§ Dataset
•••••
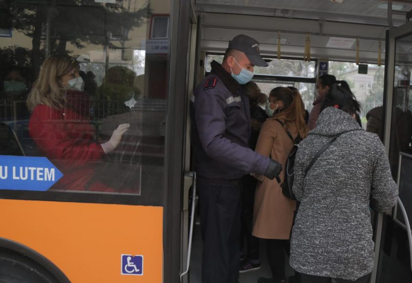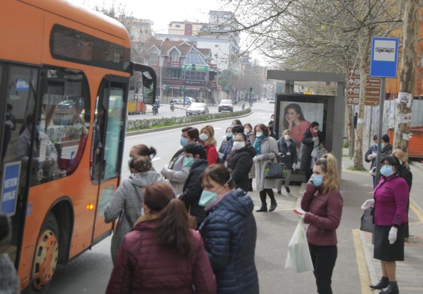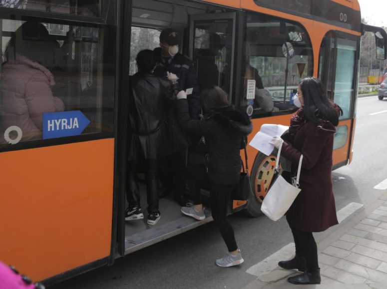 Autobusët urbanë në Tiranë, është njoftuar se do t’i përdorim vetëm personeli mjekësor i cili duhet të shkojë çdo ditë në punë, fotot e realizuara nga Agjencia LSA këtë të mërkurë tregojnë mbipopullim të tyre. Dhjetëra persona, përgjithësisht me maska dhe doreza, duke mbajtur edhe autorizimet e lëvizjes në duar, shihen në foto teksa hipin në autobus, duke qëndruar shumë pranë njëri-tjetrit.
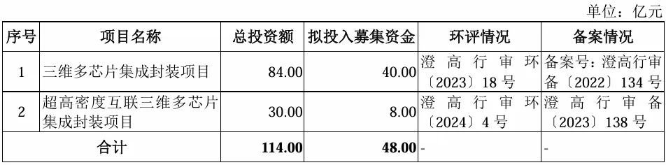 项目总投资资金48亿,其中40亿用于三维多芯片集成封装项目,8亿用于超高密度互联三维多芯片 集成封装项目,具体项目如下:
•••••
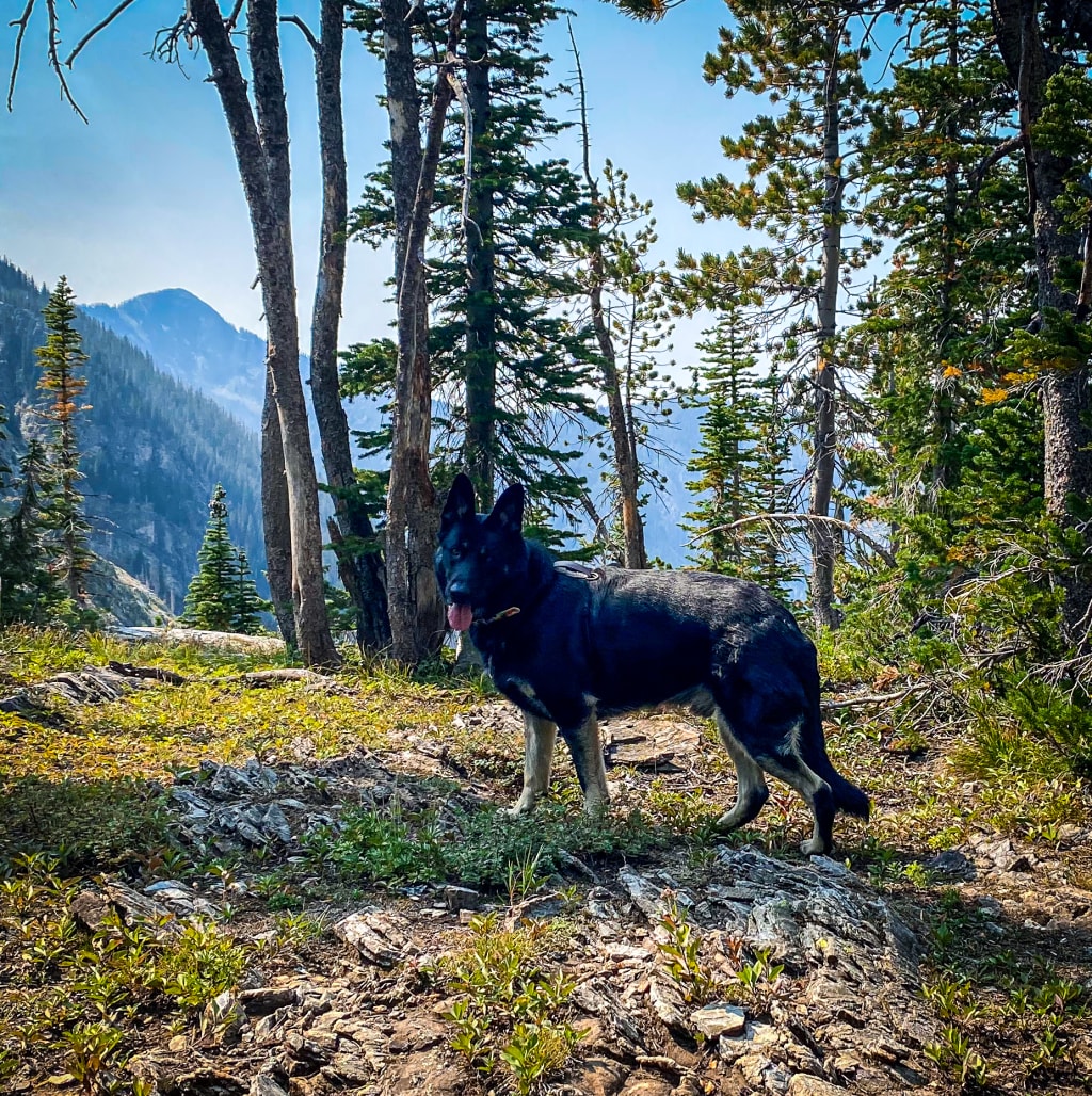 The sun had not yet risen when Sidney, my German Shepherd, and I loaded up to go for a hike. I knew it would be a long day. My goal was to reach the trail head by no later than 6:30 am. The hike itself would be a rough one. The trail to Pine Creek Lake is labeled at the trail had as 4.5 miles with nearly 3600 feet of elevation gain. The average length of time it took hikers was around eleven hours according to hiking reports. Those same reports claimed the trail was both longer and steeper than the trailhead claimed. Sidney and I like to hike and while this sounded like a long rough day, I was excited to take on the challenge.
•••••
§ Work item
Return exactly the lines of the material above, starting at the line containing "Autobusët urbanë në" and finishing at the line containing "项目总投资资金48亿,其中4", without any pictures.

§ Exercise response
 Autobusët urbanë në Tiranë, është njoftuar se do t’i përdorim vetëm personeli mjekësor i cili duhet të shkojë çdo ditë në punë, fotot e realizuara nga Agjencia LSA këtë të mërkurë tregojnë mbipopullim të tyre. Dhjetëra persona, përgjithësisht me maska dhe doreza, duke mbajtur edhe autorizimet e lëvizjes në duar, shihen në foto teksa hipin në autobus, duke qëndruar shumë pranë njëri-tjetrit.
 项目总投资资金48亿,其中40亿用于三维多芯片集成封装项目,8亿用于超高密度互联三维多芯片 集成封装项目,具体项目如下:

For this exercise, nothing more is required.